A lot of people are so scared about being on a ventilator that they say they’d rather be dead. Come on, really? Dead? Once you make a decision like that there’s no taking it back. You can’t try it for 30 days and return it free if you’re not completely satisfied, paying only shipping and handling. Maybe people wouldn’t be so freaked out about being on a ventilator if somebody did something to normalize the experience. The way that we normalize something in the U.S. is to make a TV show about it. There ought to be a show about a crime-solving dude who’s on a ventilator. He’s crippled as all hell but he’s a crime solving genius so whenever the police have a stumper of a crime that really busts their balls they turn to him and he solves it every time. He has a nurse who follows him around and suctions him every now and then and she’s also his wise-cracking sidekick. A show like that would convince a lot of people that being on a ventilator is not just okay, it can even be cool.
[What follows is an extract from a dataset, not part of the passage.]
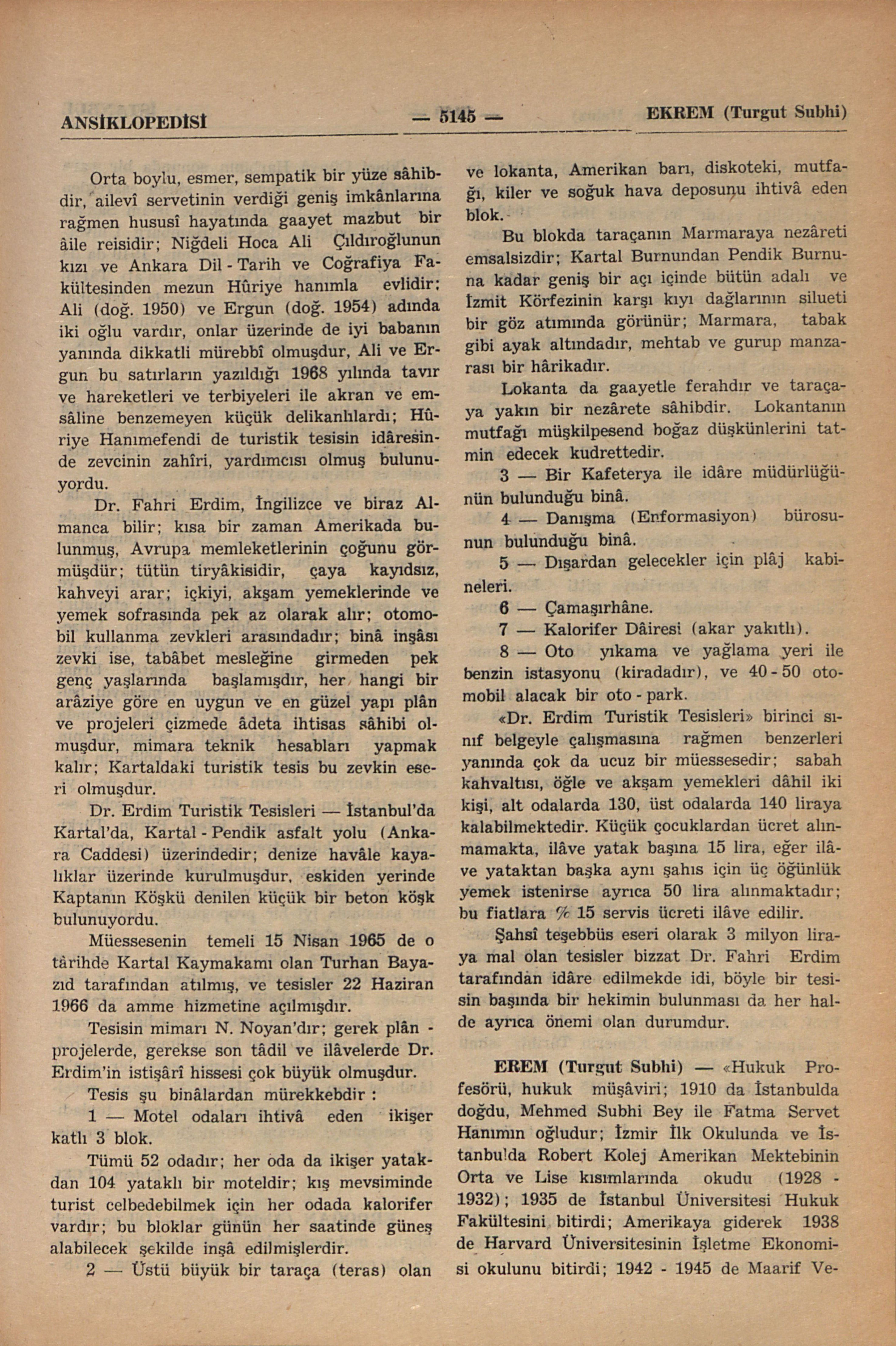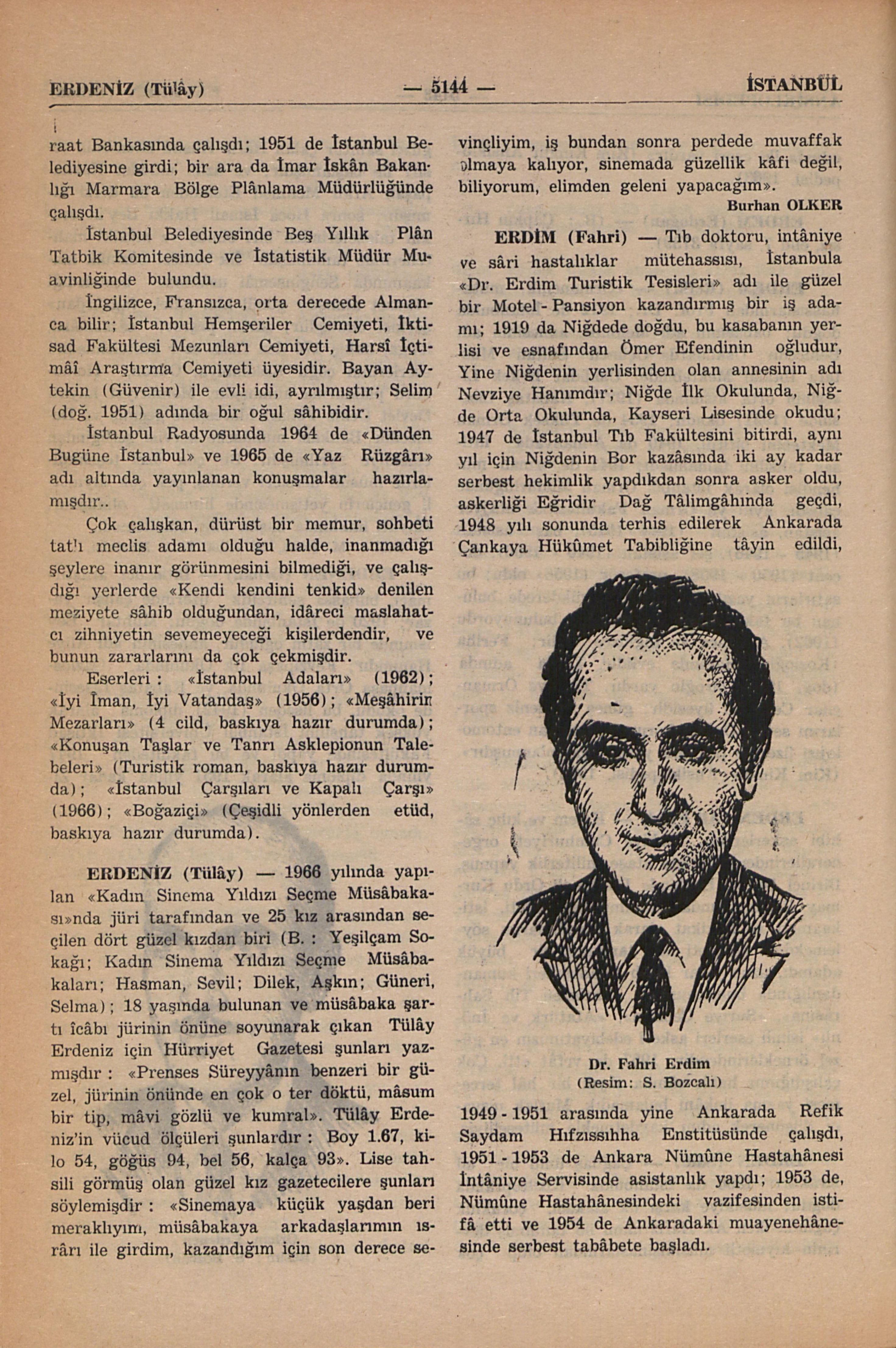 Tıb doktoru, intâniye ve sâri hastalıklar mütehassısı, İstanbula “Dr. Erdim Turistik Tesisleri” adı ile güzel bir Motel - Pansiyon kazandırmış bir iş adamı; 1919 da Niğdede doğdu, bu kasabanın yerlisi ve esnafından Ömer Efendinin oğludur, Yine Niğdenin yerlisinden olan annesinin adı Nevziye Hanımdır; Niğde İlk Okulunda, Niğde Orta Okulunda, Kayseri Lisesinde okudu; 1947 de İstanbul Tıb Fakültesini bitirdi, aynı yıl için Niğdenin Bor kazâsında iki ay kadar serbest hekimlik yapdıkdan sonra asker oldu, askerliği Eğridir Dağ Tâlimgâhında geçdi, 1948 yılı sonunda terhis edilerek Ankarada Çankaya Hükûmet Tabibliğine tâyin edildi, 1949 - 1951 arasında yine Ankarada Refik Saydam Hıfzıssıhha Enstitüsünde çalışdı, 1951 - 1953 de Ankara Nümûne Hastahânesi İntâniye Servisinde asistanlık yapdı; 1953 de, Nümûne Hastahânesindeki vazifesinden istifâ etti ve 1954 de Ankaradaki muayenehânesinde serbest tabâbete başladı.

I also can’t deny that the prospect of having to eat through a feeding tube scares me some. Maybe I’d feel better if there was something on TV to normalize that. I’m thinking maybe one of those gluttony competitions, like where a guy eats 50 hot dogs in 10 minutes. Except this one would be strictly for people with feeding tubes. Hook them up to their cans of food and whoever consumes the most cans the fastest wins two hundred grand. It can be sponsored by whatever companies manufacture the gruel people who use feeding tubes eat. It may not be the most fast-paced competition anybody ever saw, but I know some people will watch it. It can’t be any more boring than watching golf.